Absolutely. You cannot do therapy without understanding your own and your client’s context, surroundings, and learning histories. If we miss a person’s context in therapy, it can result in more harm than healing. The assumption that our clients’ have similar learning histories and contexts (ignoring our privilege as psychologists) means we miss critical questions that need asking during therapy.
How you incorporate this philosophy into your work?
Together, we (my clients’ and I) explore their historical, situational, and immediate context, their surroundings, and their environment. And that is powerful. Knowing the baggage you have carried for so long and may hold for much longer is scary and empowering at the same time. Scary; because it is unfair, it sucks. Empowering; now you start to see that you are not the problem.
Thinking about and acknowledging my client’s context and my own privilege, the questions I ask myself most frequently are: Would I be able to do XYZ if I was in my client’s context? How would I feel if someone asked me to do this? How would I react if my therapist told me XYZ? For some clients, I am the first person they’ve talked to about what’s happening in their lives, so I’m careful to acknowledge and validate their strength and courage. I tell them straight, ‘This really sucks’. They need to know this. I cannot stress enough the importance of acknowledging what they are going through. I say it loud and repeat it until I feel a shift where they are not blaming themselves. This is when healing begins.
The second way I incorporate this philosophy is through the way I approach ‘the goal’ of my therapy sessions. I never go in to fix anyone, and I communicate this at the onset to my clients. I tell them, ‘You are not broken; our system is’. Healing is a process, so let’s show some compassion for ourselves.
You are challenging the field in which you are located academically. Tell us a bit more about your current research, what you are trying to do, and what drives you to do it.

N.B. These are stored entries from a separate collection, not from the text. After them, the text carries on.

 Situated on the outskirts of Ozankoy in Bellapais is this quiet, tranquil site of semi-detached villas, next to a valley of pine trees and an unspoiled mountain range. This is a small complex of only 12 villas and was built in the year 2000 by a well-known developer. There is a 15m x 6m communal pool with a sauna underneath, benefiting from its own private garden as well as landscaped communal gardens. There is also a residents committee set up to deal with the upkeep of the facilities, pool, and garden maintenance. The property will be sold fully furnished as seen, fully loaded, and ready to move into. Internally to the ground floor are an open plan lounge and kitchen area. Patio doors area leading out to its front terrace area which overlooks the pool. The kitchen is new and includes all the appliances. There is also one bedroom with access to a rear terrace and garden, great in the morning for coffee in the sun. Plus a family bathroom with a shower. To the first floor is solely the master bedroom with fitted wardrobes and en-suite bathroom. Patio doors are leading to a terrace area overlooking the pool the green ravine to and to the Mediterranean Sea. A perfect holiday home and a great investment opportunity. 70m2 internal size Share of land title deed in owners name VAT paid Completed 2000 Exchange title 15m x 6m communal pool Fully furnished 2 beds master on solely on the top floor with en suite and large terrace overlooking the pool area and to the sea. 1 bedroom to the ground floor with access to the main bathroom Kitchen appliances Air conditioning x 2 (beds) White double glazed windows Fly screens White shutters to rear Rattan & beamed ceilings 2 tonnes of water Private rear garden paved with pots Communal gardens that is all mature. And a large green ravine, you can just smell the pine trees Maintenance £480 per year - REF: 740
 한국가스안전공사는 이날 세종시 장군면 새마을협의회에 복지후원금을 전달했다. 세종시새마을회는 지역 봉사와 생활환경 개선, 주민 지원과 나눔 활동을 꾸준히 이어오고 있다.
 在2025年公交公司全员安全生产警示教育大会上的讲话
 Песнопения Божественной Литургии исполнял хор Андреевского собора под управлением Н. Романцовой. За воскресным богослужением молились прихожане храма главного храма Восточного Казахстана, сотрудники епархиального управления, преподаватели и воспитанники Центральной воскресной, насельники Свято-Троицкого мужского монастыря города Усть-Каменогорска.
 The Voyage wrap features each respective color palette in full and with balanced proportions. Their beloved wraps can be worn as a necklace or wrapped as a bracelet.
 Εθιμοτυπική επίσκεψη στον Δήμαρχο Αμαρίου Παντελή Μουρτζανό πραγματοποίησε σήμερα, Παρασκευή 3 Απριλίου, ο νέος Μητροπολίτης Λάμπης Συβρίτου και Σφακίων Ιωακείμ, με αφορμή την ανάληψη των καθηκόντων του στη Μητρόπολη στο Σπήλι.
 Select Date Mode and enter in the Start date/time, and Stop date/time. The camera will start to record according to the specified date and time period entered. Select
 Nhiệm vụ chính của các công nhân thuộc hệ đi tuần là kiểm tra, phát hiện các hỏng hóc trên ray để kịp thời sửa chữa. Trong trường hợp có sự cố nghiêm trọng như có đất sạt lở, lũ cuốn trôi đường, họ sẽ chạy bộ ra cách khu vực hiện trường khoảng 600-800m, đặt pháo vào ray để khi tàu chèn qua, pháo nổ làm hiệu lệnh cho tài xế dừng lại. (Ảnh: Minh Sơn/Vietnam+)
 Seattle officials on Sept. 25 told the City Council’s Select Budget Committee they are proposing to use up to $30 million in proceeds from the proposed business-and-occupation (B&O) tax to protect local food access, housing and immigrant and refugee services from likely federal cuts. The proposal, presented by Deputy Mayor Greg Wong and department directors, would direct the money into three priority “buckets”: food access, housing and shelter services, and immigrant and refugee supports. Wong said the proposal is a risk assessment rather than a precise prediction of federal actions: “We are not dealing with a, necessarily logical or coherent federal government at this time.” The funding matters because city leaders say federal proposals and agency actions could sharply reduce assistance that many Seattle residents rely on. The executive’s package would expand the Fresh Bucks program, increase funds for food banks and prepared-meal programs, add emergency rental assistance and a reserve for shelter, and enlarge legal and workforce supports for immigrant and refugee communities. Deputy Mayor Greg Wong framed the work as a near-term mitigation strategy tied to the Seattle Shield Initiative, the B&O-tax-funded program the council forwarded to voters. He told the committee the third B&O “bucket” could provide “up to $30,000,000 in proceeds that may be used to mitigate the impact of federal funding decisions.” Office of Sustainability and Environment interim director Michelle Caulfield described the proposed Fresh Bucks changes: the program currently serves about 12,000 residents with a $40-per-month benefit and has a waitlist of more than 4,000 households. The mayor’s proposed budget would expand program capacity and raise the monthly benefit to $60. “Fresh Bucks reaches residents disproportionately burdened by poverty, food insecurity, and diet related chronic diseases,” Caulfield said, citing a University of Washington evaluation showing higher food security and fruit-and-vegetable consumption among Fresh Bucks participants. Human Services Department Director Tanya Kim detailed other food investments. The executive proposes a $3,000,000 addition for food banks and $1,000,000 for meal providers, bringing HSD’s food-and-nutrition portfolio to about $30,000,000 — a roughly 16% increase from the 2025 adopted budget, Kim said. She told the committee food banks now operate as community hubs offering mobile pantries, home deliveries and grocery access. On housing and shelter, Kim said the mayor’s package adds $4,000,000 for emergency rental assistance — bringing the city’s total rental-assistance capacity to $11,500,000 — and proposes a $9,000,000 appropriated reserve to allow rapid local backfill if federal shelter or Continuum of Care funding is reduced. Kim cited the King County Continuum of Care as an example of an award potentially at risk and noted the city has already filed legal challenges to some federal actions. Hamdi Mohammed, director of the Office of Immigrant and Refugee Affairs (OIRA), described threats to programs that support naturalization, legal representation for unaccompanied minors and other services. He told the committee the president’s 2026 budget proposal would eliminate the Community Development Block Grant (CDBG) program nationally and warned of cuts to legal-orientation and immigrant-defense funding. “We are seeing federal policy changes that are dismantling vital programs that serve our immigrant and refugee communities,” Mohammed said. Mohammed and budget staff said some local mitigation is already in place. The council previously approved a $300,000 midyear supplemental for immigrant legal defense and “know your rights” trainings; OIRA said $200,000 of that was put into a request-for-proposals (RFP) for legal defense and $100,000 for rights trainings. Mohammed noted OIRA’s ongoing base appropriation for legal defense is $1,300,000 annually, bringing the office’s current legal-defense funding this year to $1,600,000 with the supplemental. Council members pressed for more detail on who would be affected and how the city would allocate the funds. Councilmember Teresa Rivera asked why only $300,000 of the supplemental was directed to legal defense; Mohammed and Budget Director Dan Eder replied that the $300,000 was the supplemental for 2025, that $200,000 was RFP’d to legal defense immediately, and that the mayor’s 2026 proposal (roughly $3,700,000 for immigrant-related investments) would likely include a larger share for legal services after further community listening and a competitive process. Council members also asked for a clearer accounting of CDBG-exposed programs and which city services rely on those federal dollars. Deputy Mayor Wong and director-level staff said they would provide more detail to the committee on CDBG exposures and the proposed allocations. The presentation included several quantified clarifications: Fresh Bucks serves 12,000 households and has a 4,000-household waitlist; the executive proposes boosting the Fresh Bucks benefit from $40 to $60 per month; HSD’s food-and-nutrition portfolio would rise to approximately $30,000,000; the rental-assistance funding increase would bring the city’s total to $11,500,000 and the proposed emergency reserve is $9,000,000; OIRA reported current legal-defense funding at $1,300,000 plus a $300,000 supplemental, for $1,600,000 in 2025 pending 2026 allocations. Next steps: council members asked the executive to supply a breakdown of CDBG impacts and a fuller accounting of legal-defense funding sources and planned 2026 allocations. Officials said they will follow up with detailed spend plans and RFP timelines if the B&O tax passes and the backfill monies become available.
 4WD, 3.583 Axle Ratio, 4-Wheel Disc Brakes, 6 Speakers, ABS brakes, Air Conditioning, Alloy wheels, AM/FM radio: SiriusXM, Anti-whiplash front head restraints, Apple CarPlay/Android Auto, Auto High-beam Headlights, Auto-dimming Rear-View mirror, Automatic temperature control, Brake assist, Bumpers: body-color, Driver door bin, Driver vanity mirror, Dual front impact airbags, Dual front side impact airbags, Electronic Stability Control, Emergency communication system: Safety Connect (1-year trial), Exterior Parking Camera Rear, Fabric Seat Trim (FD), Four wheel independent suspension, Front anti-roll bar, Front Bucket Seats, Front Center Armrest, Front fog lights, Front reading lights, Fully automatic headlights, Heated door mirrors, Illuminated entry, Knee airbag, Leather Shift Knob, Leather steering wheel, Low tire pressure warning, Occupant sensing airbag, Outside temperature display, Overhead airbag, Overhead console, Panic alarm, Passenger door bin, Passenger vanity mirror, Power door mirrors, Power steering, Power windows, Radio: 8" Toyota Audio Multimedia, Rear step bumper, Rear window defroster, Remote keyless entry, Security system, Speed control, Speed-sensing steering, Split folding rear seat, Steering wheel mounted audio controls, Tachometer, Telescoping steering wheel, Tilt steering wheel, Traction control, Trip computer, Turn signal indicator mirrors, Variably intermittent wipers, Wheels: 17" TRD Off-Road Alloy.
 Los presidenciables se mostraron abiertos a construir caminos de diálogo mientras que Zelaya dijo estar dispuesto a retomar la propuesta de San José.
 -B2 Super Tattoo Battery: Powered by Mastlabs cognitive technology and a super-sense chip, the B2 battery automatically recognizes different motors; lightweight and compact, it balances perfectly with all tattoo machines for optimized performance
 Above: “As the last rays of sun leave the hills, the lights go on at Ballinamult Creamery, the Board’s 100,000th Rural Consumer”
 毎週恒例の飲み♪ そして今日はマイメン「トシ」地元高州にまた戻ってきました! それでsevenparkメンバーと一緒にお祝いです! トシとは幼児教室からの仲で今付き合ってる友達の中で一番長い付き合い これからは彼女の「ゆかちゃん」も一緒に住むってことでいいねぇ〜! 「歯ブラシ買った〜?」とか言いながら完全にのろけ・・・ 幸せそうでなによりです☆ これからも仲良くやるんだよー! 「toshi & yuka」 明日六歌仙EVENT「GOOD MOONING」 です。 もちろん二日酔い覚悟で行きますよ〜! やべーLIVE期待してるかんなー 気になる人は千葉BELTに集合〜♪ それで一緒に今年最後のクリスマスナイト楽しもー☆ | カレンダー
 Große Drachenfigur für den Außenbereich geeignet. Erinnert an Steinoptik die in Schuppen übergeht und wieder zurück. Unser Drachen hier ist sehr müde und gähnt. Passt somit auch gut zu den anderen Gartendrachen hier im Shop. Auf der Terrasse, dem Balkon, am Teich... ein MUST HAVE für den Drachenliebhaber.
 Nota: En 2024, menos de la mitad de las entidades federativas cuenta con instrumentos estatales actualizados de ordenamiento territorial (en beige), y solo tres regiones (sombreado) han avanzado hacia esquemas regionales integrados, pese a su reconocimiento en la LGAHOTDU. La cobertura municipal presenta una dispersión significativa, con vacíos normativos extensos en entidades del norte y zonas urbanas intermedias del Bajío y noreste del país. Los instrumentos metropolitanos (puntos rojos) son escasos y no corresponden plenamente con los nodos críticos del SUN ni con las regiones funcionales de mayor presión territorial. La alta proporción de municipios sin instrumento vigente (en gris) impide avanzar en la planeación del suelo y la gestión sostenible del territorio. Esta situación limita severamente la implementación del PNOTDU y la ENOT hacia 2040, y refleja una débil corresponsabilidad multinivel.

My doctoral work explores a therapy model for people of Indian/Pakistani ethnicity with family violence trauma. I am moving away from the deficit framework used in therapy and instead looking at ways of moving towards empowerment. For example, I am against using the traditional measures and self-reports that spit out a number at you and render the person seeking therapy as a data point. A blip. It is not okay. It is archaic and devoid of an individual’s learning history and context.
I am starting to see this shift in our field, but it is as slow as cold molasses. It isn’t easy shifting things, but my own experiences drive my work. Some nights, I want to give up and leave all this work behind, but then I remember my darkest nights, and what once was a source of great pain now gives me the strength to make it better for others.
Support looks different for different communities. You have mentioned that you are part of the gurudwara and mosque communities. What does support look like there?
There’s a dominant discourse that our communities are not engaging with mental health services. We are portrayed as people who are not connected. I think what’s missing from this perspective is the acknowledgement and understanding that there is support in the communities to which we belong. We forget about the Mosques, the Gurudwaras, the temples, and people’s extended families. It’s easier to talk to their family, sometimes extended families, than to a professional in a setting that is scary for a lot of us.
So, we must move away from why our communities need to be more engaged to what we can do to make this more integrative. Acknowledge that there are many different ways of knowing and doing. We must ask, how can we work with the things already happening in the communities? So instead of saying, let’s figure out something new, we need to say what strengths already exist in the communities, and how can we keep reinforcing them? How can we keep funding these things to create change?
What is most rewarding to you in your line of work?
I know this will sound cheesy, but it is true: my clients’ smiles. Precious. We talk about so much pain and suffering in our sessions, and one smile speaks volumes.